Shall we dance? Don’t let that wheelchair stop you
By Ad Crable
Updated Feb 19, 2007 15:52
Recently, I rented the documentary film “Murderball.” It’s an intimate, if often blunt, glimpse into the very physical world of wheelchair rugby, in which quadriplegic men fuse themselves into wheelchairs they’ve customized into battering rams.
They knock themselves over a lot.
The jarring physicality shatters one stereotype you might have of the 1.6 million people in the United States who use wheelchairs to get around.
The way the men use their vehicles to express themselves and compete in a sport reminded me to unearth a story idea I had jotted down several years ago.
I had read the obituary of Mildred Groff, an 85-year-old woman from Drumore Township who had been killed, along with her daughter, in a 2002 car crash near the Buck.
Groff had lost both her legs to diabetes when she was in her 40s.
One line in the obituary jumped out at me: “She enjoyed square dancing in her wheelchair with a group of friends who use wheelchairs.”
Relatives couldn’t steer me to Groff’s former dance partners, but I learned that wheelchair dancing is a source of joy for disabled people around the country.
Leo Whaley, 69, who lives north of Harrisburg and has been in a wheelchair since being struck by a truck at age 5, was so into square dancing that he was on television as part of a telethon on the West Coast in the late 1950s.
Square-dancing wheelchair groups were very popular then and are still going strong.
Many dance companies across the country now offer wheelchair dancing.
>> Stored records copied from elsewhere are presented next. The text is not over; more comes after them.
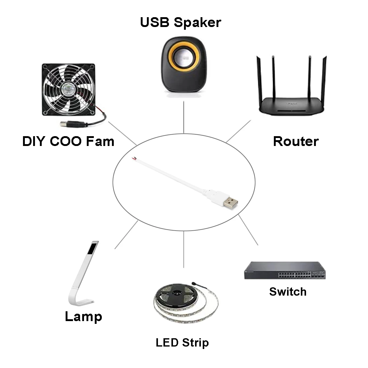 El cable USB 2.0 macho desnudo es un conector USB 2.0 tipo A macho + un cable de carga de 2 pines y 2 cables para bricolaje. Se puede utilizar en cualquier dispositivo con USB de 5 V.Como cable de alimentación para grabadora de conducción, lámpara de escritorio LED, ventilador USB, lámpara de noche y otros dispositivos eléctricos periféricos de computadora de baja potencia.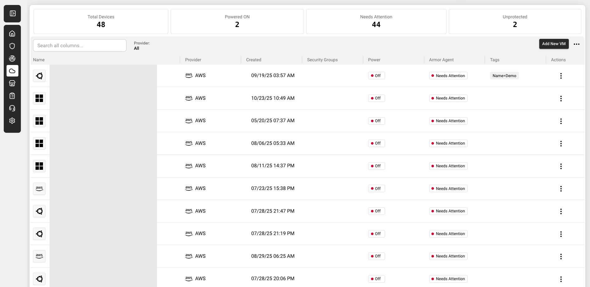 Note: If you are in the legacy Armor Management Portal (AMP), in the left-side navigation, click Infrastructure then click Virtual Machines.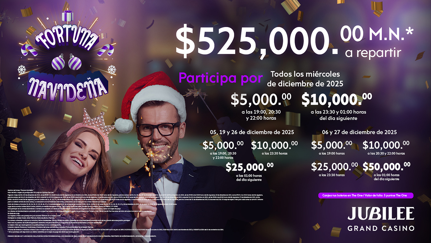 Explora las sorpresas que podrás encontrar en nuestros eventos especiales y emocionantes promociones que te ofrecerán aún más razones para visitar Jubilee Grand Casino.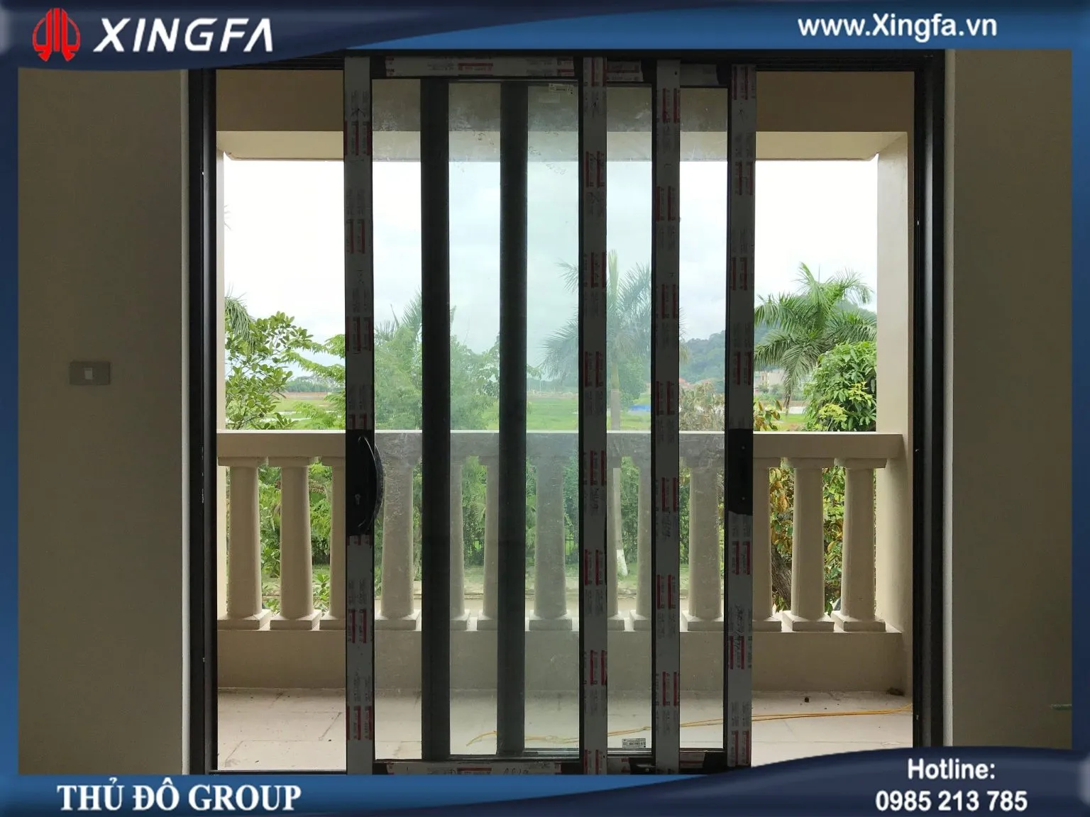 Mẫu cửa đi nhôm Xingfa hệ 93 BẢN TO dày 2.0mm mở trượt 3 cánh trên 3 ray độc lập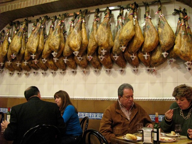 Travel broadens the mind, at least partly because they do things differently away from home. This image, shot in Madrid, has meat just hanging up in the eating area of a restaurant – you won’t see this in Australia.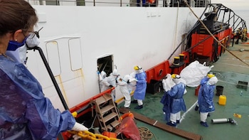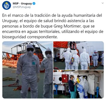 En la víspera, un equipo de 16 médicos y enfermeros uruguayos ingresó a la embarcación para realizar los tests de diagnóstico.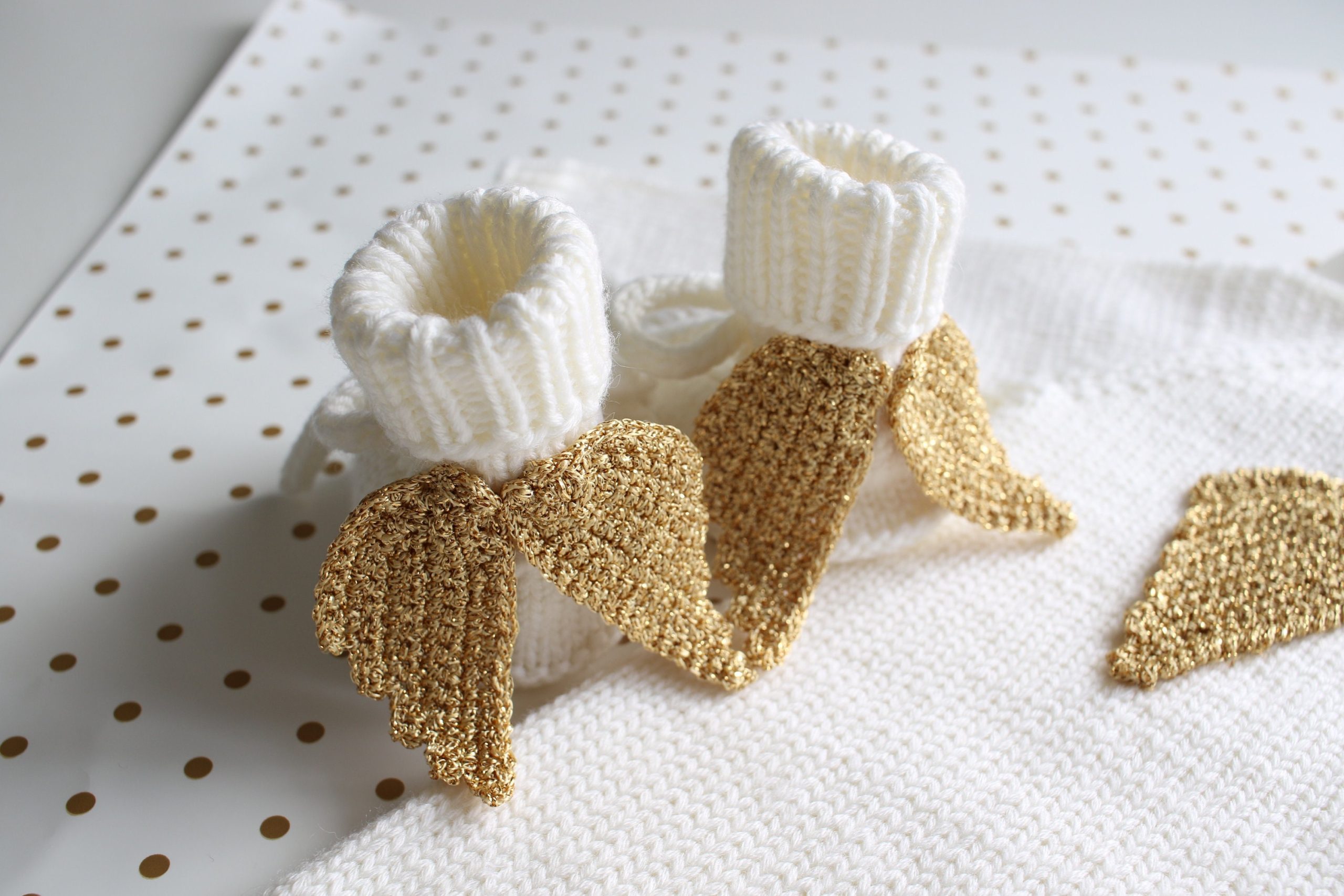 Angora Baby Booties – Newborn Girl Angel Wing Shoes (3-6 Months)

The U.S. Handicapable Square Dance Association has sponsored annual square dance conventions since 1988.
Square dancing is a nice fit for those in wheelchairs because the reverse directions and turn in place moves can be accomplished in wheelchairs.
Not so the side-to-side swaying of ballroom dancing.
But that didn’t stop Whaley and his late wife, Nancy, who used a wheelchair for almost all her life, from cutting the rug.
He recalls a Caribbean cruise. The couple had avoided the nightly dances because he felt silly and conspicuous.
One night, they were roaming atop the ship all alone. Roving troubadours came by.
Let’s dance, his wife suggested. They did. “You get some pleasure from listening to the music and imagining you are moving with it,” Whaley says.
The couple was lost in the moment. When the music stopped, they were startled to see perhaps 100 people looking on admiringly.
“One gentleman put a hand on my shoulder and said, ‘You two are an inspiration.’
“That’s nice, but I didn’t do it as a performance,” Whaley says, remembering.
“I did it because I wanted to please my wife.”